O Papado: do Renascimento até
João Paulo II
Alderi Souza de Matos
A Reforma Protestante do século 16 despertou a cúpula da
Igreja Católica do estado de letargia espiritual e omissão
pastoral em que se encontrava. A reação católica teve duas
manifestações complementares. Por um lado, Roma empenhou-se em
combater o novo movimento, detendo o seu crescimento e procurando suprimi-lo
onde fosse possível, como aconteceu na Espanha e na Polônia. Esse
esforço recebeu o nome de "Contra-Reforma". Por outro lado, a Igreja
Romana, consciente das distorções espirituais e morais apontadas
pelos reformadores, fez uma auto-crítica rigorosa e um esforço
sério no sentido de corrigir os seus erros, aperfeiçoar a sua
estrutura e explicitar melhor a sua fé.
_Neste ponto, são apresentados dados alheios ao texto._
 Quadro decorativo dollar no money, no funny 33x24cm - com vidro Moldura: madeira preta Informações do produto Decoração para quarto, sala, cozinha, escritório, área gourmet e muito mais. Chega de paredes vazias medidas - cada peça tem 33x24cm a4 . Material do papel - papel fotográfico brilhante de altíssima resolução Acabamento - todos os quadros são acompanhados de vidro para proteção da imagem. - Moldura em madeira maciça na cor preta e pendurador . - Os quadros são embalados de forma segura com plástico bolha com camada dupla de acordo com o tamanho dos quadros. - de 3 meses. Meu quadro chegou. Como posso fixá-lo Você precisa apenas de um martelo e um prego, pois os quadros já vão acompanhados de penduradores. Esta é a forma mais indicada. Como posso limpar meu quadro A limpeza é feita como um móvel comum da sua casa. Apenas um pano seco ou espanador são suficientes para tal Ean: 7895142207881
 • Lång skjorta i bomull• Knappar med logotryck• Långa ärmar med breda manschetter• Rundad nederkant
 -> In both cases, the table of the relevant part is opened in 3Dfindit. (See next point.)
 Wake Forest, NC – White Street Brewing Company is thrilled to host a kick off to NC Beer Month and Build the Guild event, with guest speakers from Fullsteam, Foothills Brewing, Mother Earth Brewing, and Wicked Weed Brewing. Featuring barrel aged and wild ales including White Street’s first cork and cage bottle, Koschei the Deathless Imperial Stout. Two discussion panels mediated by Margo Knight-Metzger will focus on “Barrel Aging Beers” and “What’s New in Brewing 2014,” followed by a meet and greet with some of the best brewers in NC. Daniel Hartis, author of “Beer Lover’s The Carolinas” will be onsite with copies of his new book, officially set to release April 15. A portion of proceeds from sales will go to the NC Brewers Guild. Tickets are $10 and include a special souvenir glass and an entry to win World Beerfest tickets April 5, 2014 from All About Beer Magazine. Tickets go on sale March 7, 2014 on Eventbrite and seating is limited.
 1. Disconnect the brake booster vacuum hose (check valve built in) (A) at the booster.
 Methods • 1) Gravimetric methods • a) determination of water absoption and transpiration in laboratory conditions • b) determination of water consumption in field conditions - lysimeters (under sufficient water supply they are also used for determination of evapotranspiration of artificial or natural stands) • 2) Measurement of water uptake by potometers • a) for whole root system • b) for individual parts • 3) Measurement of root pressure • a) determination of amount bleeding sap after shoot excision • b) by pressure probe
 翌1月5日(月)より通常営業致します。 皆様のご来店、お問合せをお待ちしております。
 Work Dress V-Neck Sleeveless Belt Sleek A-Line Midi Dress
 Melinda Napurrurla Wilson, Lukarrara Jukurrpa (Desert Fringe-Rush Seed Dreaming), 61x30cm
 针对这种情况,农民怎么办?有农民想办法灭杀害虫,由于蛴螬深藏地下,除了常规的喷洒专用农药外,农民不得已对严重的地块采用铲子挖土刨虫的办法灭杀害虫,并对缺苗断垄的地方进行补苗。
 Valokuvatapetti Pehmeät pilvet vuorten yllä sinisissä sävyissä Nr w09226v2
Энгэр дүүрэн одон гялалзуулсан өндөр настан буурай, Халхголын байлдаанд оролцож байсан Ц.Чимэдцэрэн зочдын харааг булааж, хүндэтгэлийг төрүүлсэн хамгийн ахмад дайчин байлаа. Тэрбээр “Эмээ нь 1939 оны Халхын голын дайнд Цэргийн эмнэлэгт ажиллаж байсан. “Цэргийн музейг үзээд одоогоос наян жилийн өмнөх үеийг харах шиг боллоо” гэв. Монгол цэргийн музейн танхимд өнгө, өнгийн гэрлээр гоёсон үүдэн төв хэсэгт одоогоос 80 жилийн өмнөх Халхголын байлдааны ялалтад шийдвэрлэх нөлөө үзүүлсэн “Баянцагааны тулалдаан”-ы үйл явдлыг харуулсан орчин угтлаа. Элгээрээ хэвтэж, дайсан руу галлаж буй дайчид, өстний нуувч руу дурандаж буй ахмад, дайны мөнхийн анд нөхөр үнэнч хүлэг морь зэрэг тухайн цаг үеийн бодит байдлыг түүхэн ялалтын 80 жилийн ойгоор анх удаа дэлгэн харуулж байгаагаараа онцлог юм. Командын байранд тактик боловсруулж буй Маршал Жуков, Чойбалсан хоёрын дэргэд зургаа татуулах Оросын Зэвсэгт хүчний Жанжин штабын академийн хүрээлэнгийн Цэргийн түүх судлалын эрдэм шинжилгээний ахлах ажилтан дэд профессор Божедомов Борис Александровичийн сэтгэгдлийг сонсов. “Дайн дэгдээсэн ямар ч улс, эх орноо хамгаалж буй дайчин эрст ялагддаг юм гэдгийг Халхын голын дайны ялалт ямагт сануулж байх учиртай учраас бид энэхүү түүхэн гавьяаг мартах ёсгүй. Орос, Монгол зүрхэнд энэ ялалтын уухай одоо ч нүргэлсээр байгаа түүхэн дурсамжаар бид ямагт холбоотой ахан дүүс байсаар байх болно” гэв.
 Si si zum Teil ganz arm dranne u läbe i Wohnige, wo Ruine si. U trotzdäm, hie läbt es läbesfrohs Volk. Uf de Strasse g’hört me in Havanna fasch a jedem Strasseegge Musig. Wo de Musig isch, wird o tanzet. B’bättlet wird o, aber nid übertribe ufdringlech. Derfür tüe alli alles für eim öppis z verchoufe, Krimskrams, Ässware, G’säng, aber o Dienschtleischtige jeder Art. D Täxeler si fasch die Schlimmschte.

Esse aspecto é denominado
pelos historiadores de "Reforma Católica". Nos dois esforços, os
papas tiveram uma atuação destacada.
Até o início da década de 1530, o trono
pontifício continuou a ser ocupado por homens excessivamente envolvidos
em questões seculares e políticas. Essa situação
mudou quando Alessandro Farnese tornou-se o papa Paulo III (1534-1549). Farnese
nomeou uma comissão de cardeais que avaliou a situação da
igreja e propôs medidas saneadoras, entre elas que o papado se
concentrasse nas suas tarefas espirituais e deixasse em segundo plano a
preocupação com o poder, a opulência e a dignidade terrena.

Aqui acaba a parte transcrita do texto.